In some of the Ark collages, this indigenous-culture porn is mixed with pornographic images of dark-skinned women. A naked arm and thighs frame/embrace an anthropological-looking image of a beautiful woman in a colorful wrap sitting on a fence and surrounded by vegetation — both women are objectified, but the western eye might not detect it in the National Geographic-esque image alone. In other postcard collages, women become animal-women, artifact-women or machine-women. In the darkened quiet, you become more aware that each dismantled representation is its own fiction. 

In the more medium-scale 2001 series The Histology of the Different Tumors of the Uterus, Mutu uses asphalt/charcoal, glitter, collage and ink to reclaim historical medical illustrations of women’s reproductive organs — faces emerge from faceless pathology. There’s more drawing here, revealing Mutu’s virtuosity with pen, ink and brush — which can also be observed around the corner in 2001’s Pinup series, which uses similar techniques on images looking at women’s bodies with a pornographic rather than medical gaze. 

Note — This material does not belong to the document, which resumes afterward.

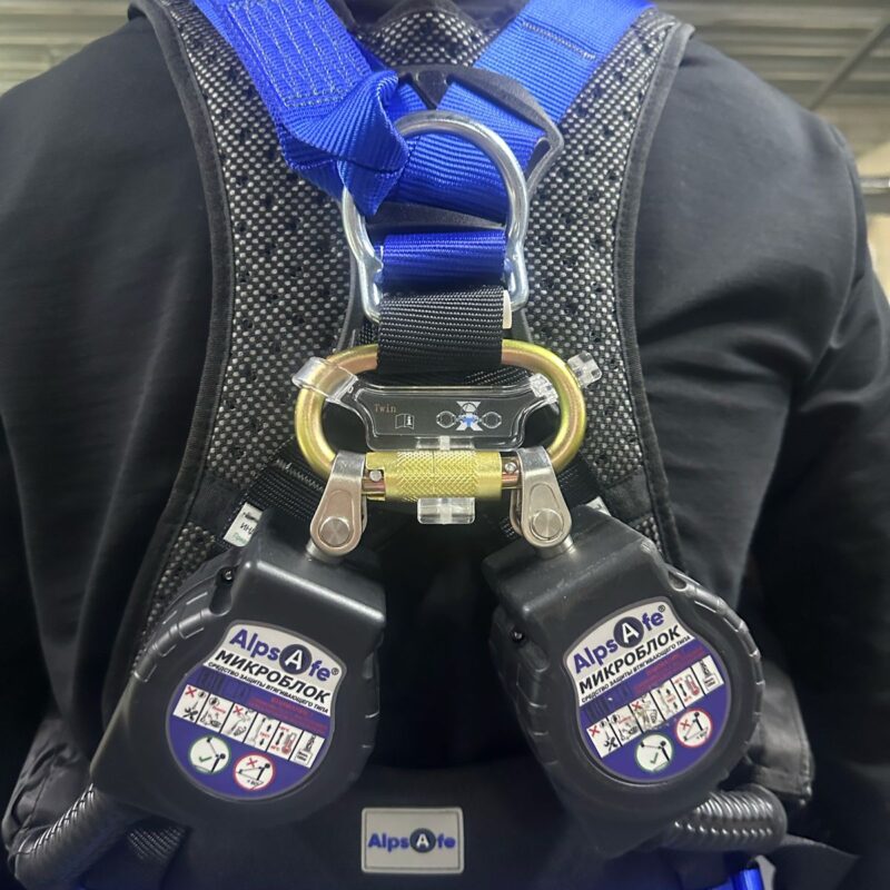 Средство индивидуальной защиты от падения с высоты втягивающего типа (блокирующее устройство) с функцией самоблокировки и автоматическим средством натяжения и возврата втягивающегося троса. Представляет собой соединительно-амортизирующую подсистему и применяется для соединения страховочной привязи с анкерной точкой.

The exploration of identity and surface continues in the video component of the show. One video, Cleaning Earth, is projected directly onto felt — the fabric’s nubbly surface distorts the image, rendering it painterly and mysterious. Mutu’s projected figure, scrubbing at the surface of the gallery wall, stands as a testament to her efforts in changing the way women are depicted. 

The collages mentioned so far are at least a decade old. Having seen some of Mutu’s most recent collage work at the art fairs in New York this past weekend — fantastic and symbolic, utilizing even more sculptural materials like hair extensions, feathers and jewelry — the closest thing in this show to what the artist is doing currently is 2010’s Three Huggers (above). A female figure clings to a tree, her face a mélange of images: twine and trumpet form a cheek, machinery is revealed in her head, legs make a nose and a fall of hair morphs into a threatening snake. 

You want to see women turning things on their heads? You want to see a show about femininity that does not include a wall of cat paintings? You want an identity show that does not pigeonhole itself? See this. 

(alison.dell@citypaper.net)

Through March 30, Leonard Pearlstein Gallery, URBN Center Annex, Drexel University, 3401 Filbert St., 215-895-2548, drexel.edu.